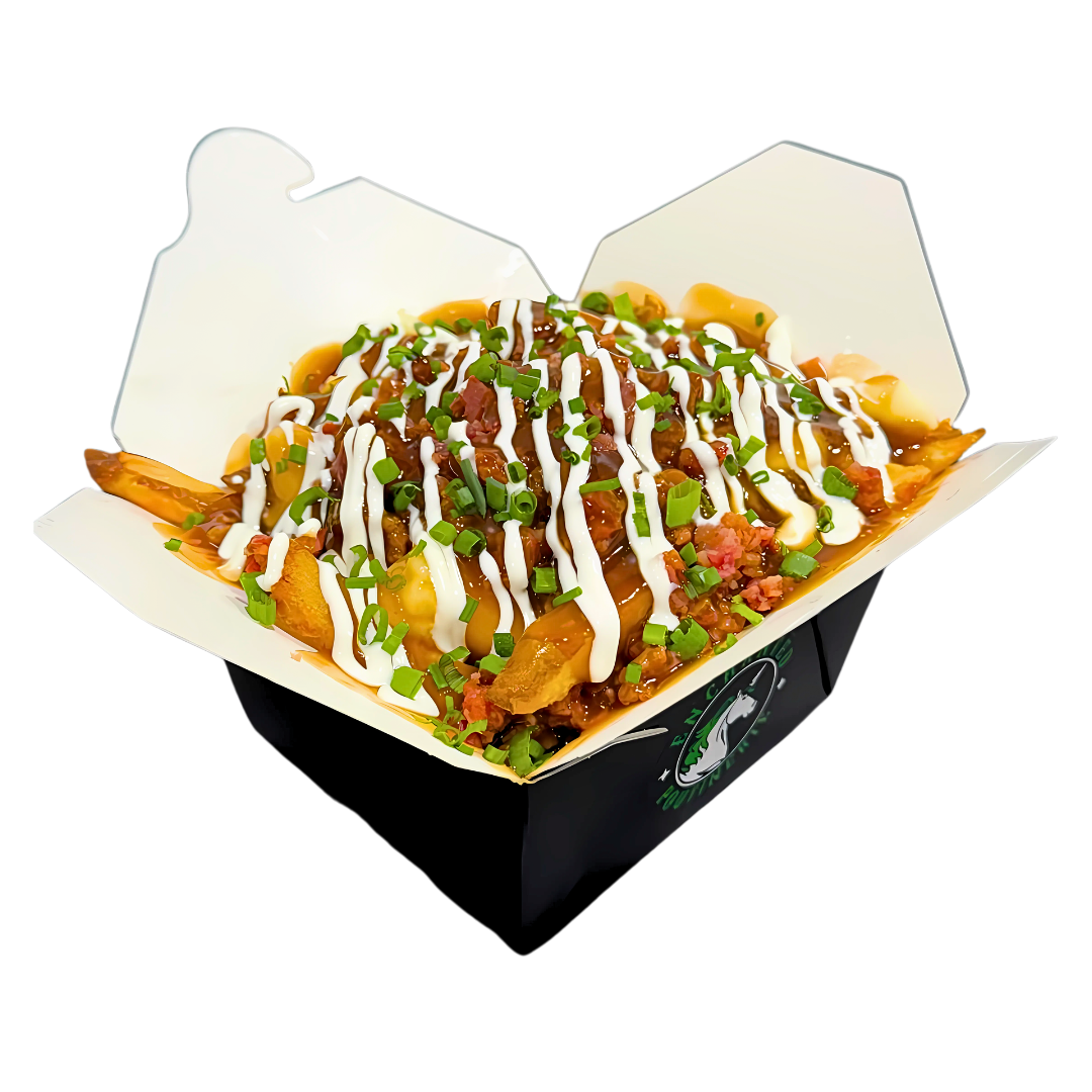 ENCHANTED POUTINERIE ✦ ENCHANTED POUTINERIE ✦ ENCHANTED POUTINERIE ✦ GLOBAL FUSION POUTINE maple bacon Poutine Fries, Curds, Gravy, Bacon, Maple Syrup, Sour Cream, Chives.
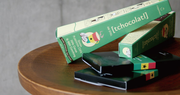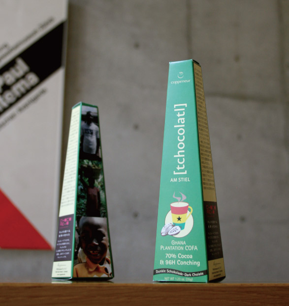 ドイツのチョコレートメーカー、コップナーの限定商品のパッケージとリーフレットをデザイン。ガーナプロジェクトから生まれた限定商品のパッケージは、既存イメージや素材は残しガーナ国旗をキービジュアルとしたカラーリングでリデザインした。
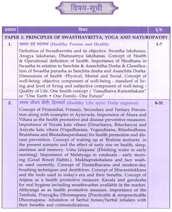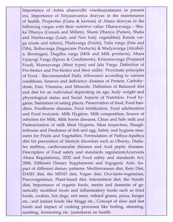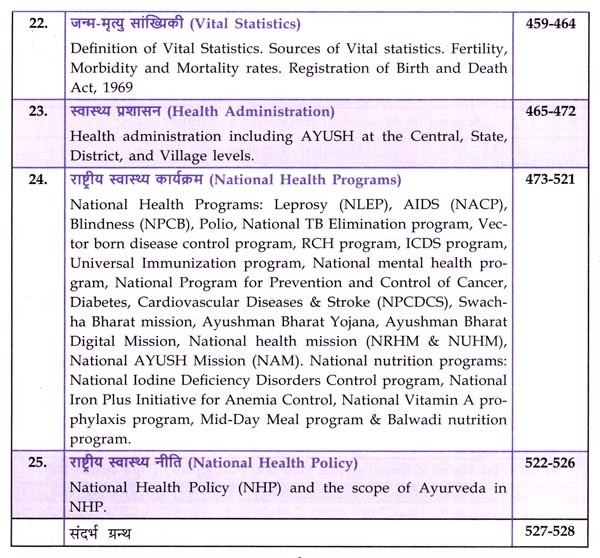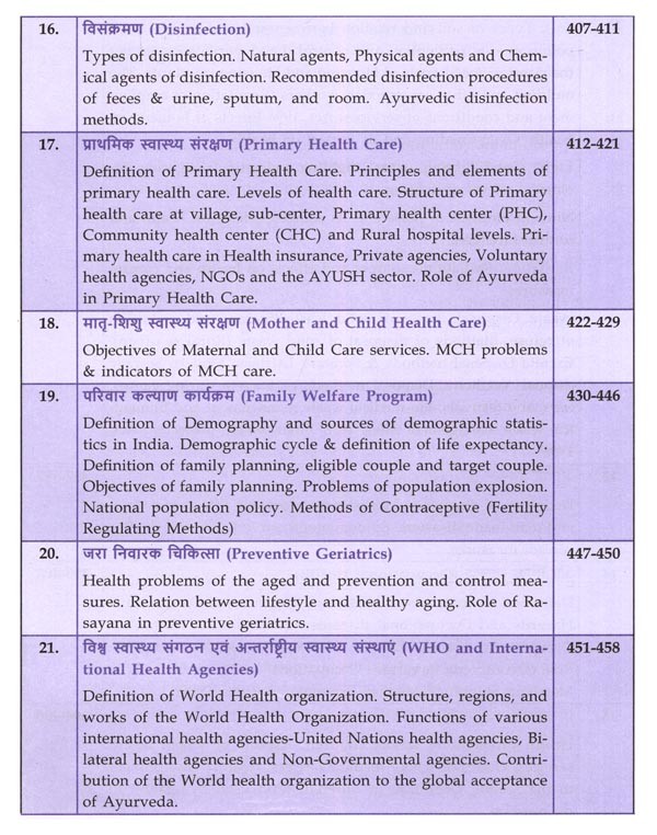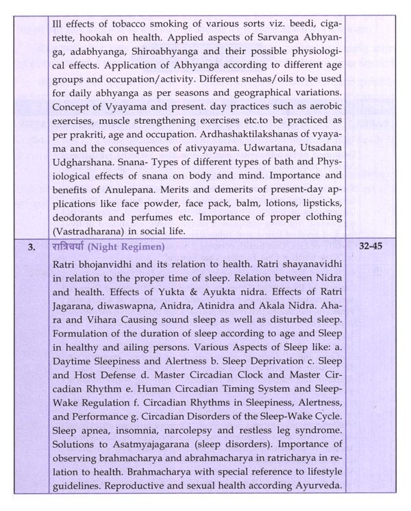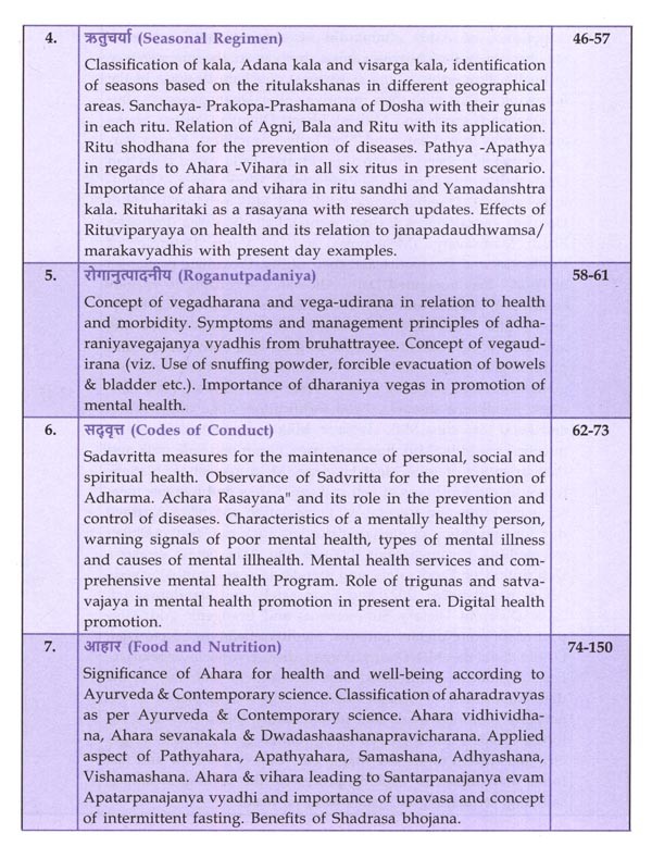 पाठ्यक्रम में जुड़े सभी नए विषयों का समावेश भी उचित स्थान पर किया गया है। जैसे, धातुसाम्यलक्षण, संचित-असंचित दोष, नित्य-अनित्य काल विहार, वसुधैव कुटुम्भकम्, वेगोदीरण, अकाल निद्रा, वयानुसार निद्रा, असात्म्य जागरण, ऋतुशोधन, वयानुसार रसायन, षड्मुखी एवं ज्ञान मुद्रा, Operational Definition of Health, Circadian Rhythm, Sleep Disorders, Digital Health Promotion, Intermittent Fasting, Pro-Biotics & Pre-Biotics, Ayurveda Ahara Regulations, FSSAI Act, Dietary Supplements, Ergogenic Aids, Mediterranean Diet, Keto Diet, DASH Diet, MIND Diet, Vegan Diet, Ovo-Lac-to-Vegetarian, Pescovegetarian, Plant-Based Diet, Intermittent Diet, Nordic Diet, Organic Foods, Genetically Modified Foods, Inflammatory Foods, Instant Foods, Slow & Fast Foods, Cooking Processes, Nutraceuticals, Nutrigenomics, Nutrigenetics, Antioxidant & Immunomodulatory Effects of Rasayana, International Day of Yoga, Role of Ayurveda in Epidemics, Intestinal Infestations, COVID-19, Epidemic Diseases (Amendment) Ordinance Act, The Building and Other Construction Workers Act, Biomedical Waste Management Rules, 2016, Environment Protection Act, 1986, Role of Ayurveda In Occupational Health, The Merchant Shipping / Medical Examination Rules, 2000, Registration of Birth and Death Act, 1969, NPCDCS, Swachha Bharat Mission, Ayushman Bharat Yojana, Ayushman Bharat Digital Mission, National AYUSH Mission (NAM) etc.
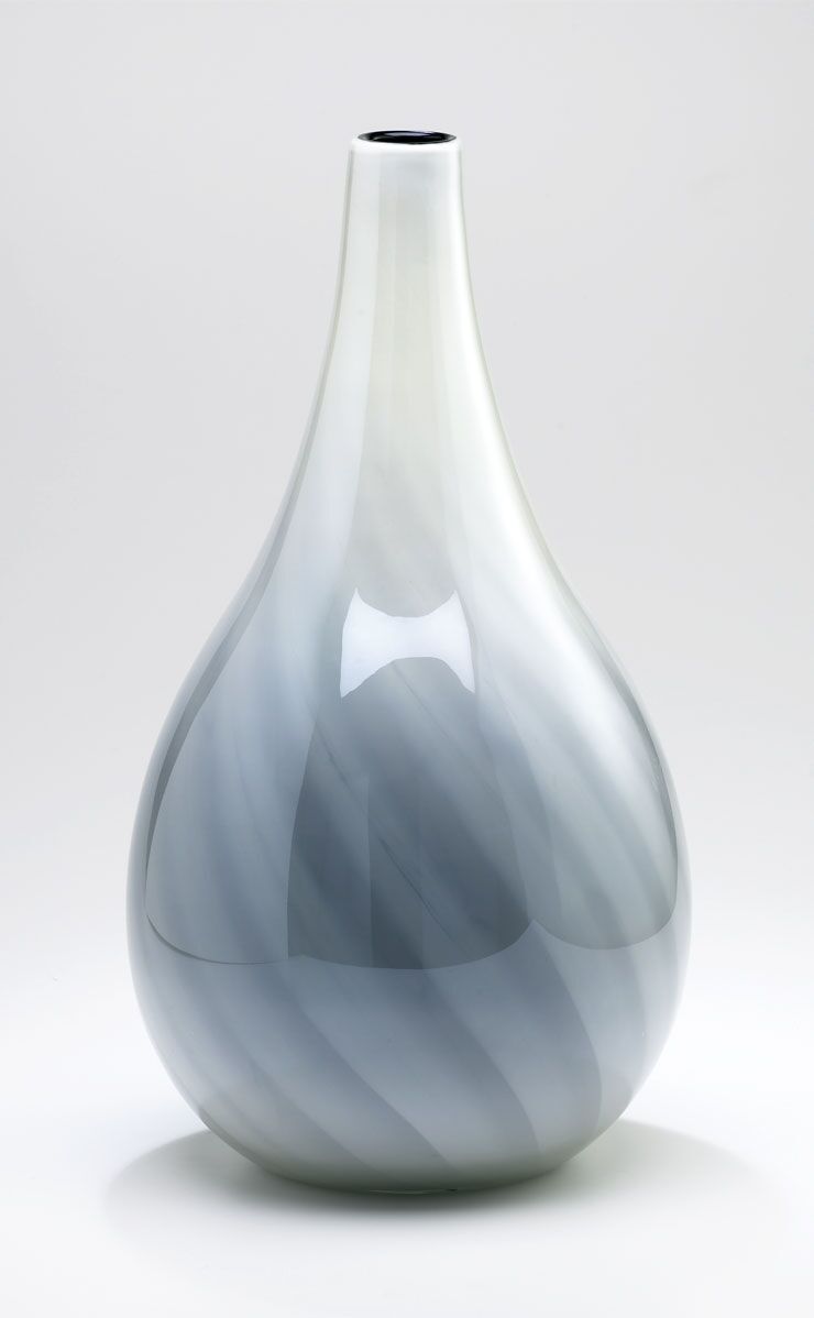 White and smoked blown glass vase. 23.5″(h) x 13.5″(dia)
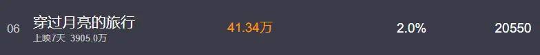 《火锅》上映五天五千万,张子枫、胡先煦主演的《穿过月亮的旅行》上映七天,还不到四千万,和《猪猪侠大电影·星际行动》票房差不多。
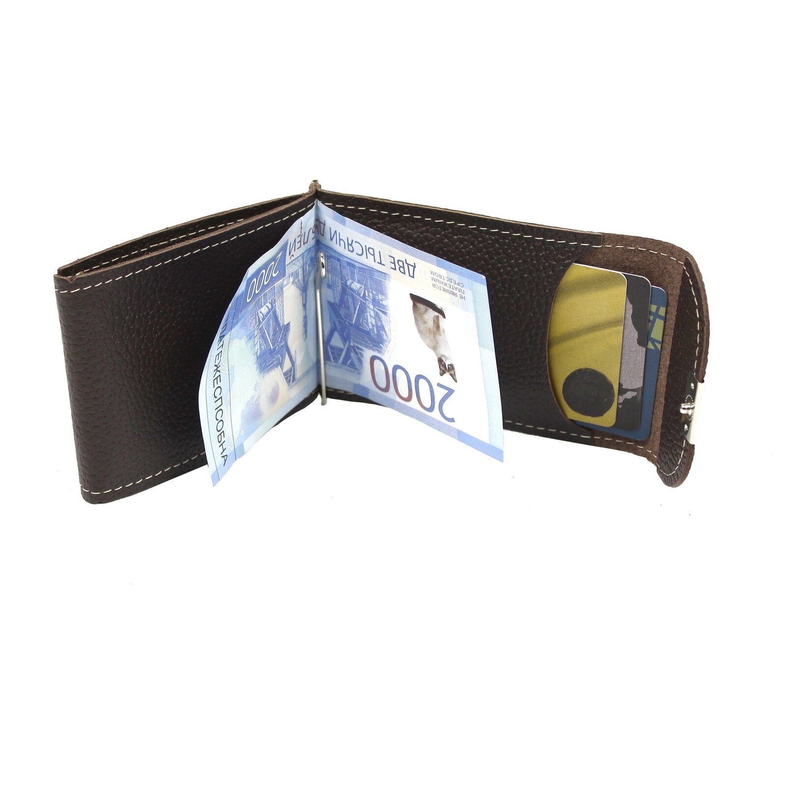 Зажим для купюр, зк300-219, натуральная кожа, цвет темно-коричневый
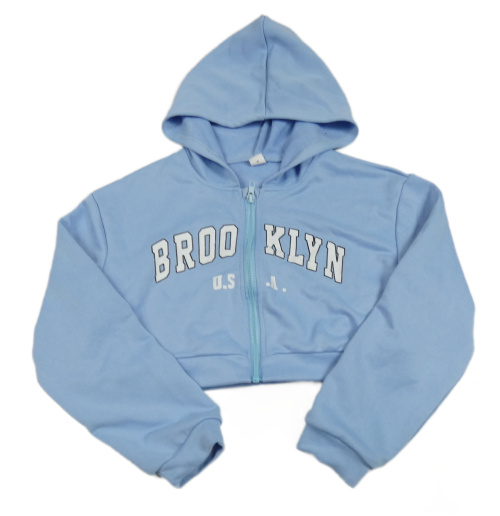 Svetlomodrá prepínaci crop mikina s nápisom a kapucňou Shein
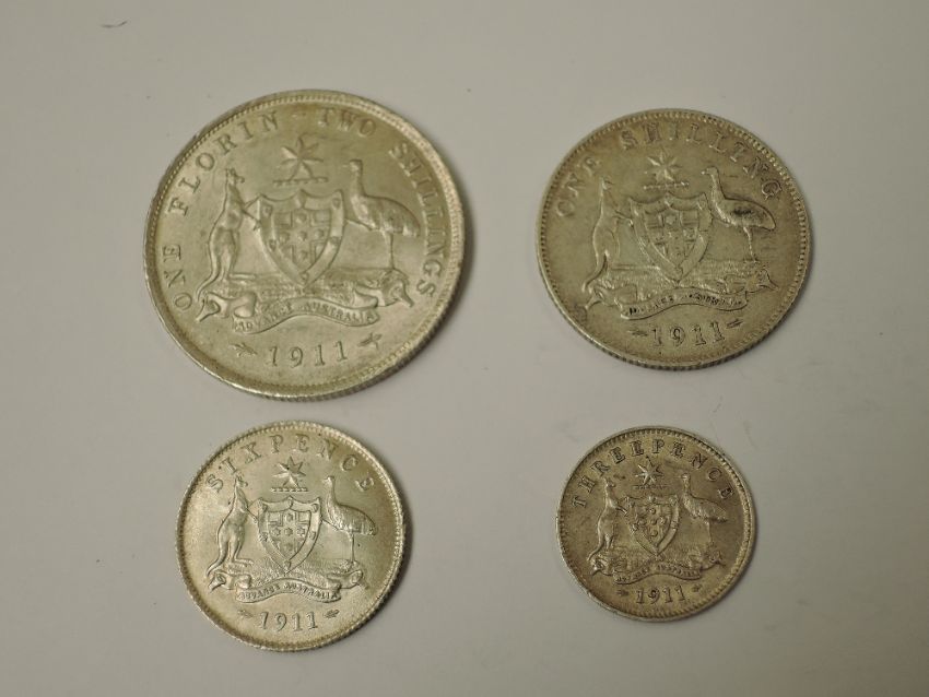 A set of four 1911 George V Australian Silver Coins, Florin, Shilling, Sixpence and Threepence, in our opinion these coins are uncirculated
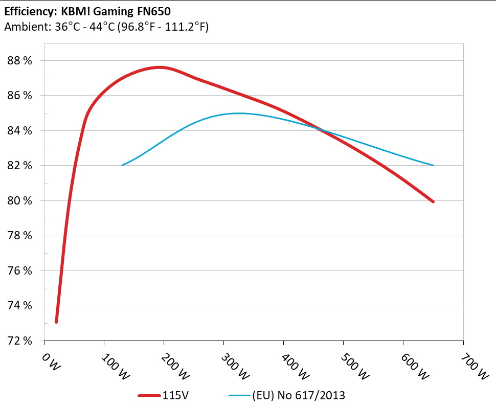 The PSU`s efficiency under high ambient temperatures with 115V and 230V input. For this graph the results of the 10-110% load regulation table are used
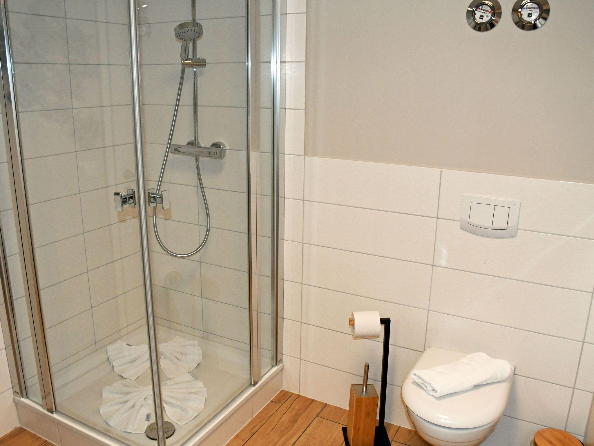Das Bad ist mit Dusche und WC ausgestattet und verfügt über Tageslicht.
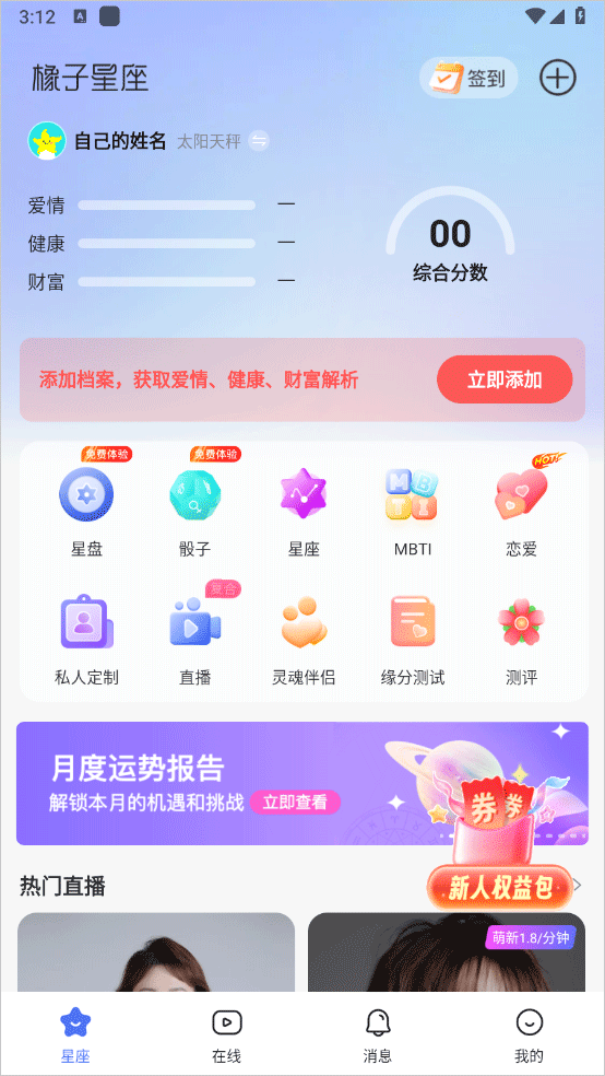 1、打开橡子星座app官方版进入首页可以添加档案预测星座运势等
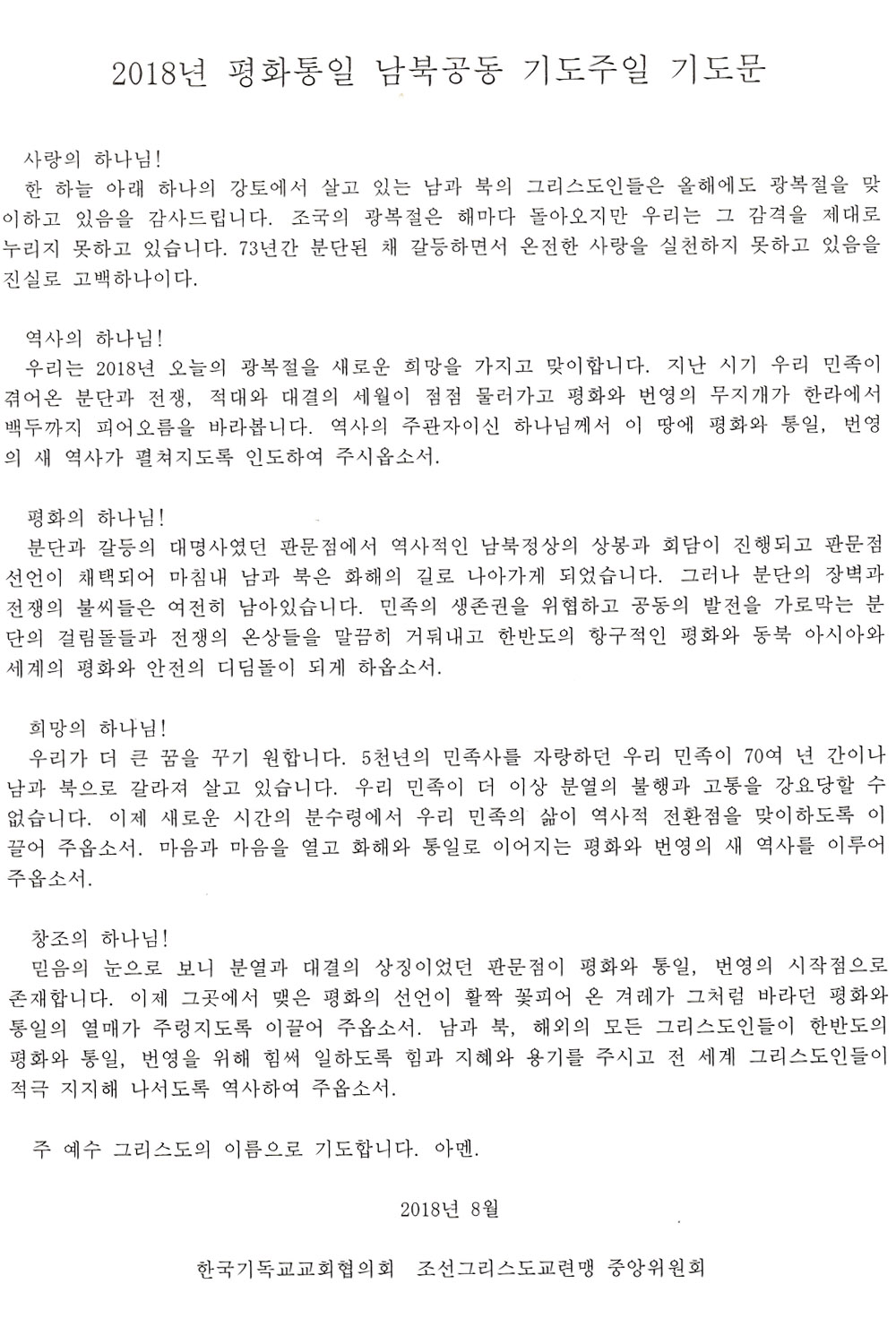 2018年 平和統一南北共同祈祷主日 祈祷文
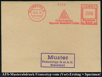 6884 | 35 € | 4100 Duisburg Absender-Freistempel : DUISBURG 1/ EAL../ Elektrotechn./ Apparate-Bauanstalt J.Leidel 1936 (10.8.) AFS-Musterabdruck Francotyp "Hakenkreuz" (Monogr.-Logo) glasklar gest. Francotyp-Musterblatt vom (Vor)-Ersttag !, selten! (Dü.E-3CEh) | ![]() ![]() | |

**EXERCISE**
Please write out exactly, and only, the lines from the beginning of the entries through the line containing "ドイツのチョコレートメーカー", including both and skipping all pictures.

**EXPECTED OUTPUT**
 ENCHANTED POUTINERIE ✦ ENCHANTED POUTINERIE ✦ ENCHANTED POUTINERIE ✦ GLOBAL FUSION POUTINE maple bacon Poutine Fries, Curds, Gravy, Bacon, Maple Syrup, Sour Cream, Chives.
 ドイツのチョコレートメーカー、コップナーの限定商品のパッケージとリーフレットをデザイン。ガーナプロジェクトから生まれた限定商品のパッケージは、既存イメージや素材は残しガーナ国旗をキービジュアルとしたカラーリングでリデザインした。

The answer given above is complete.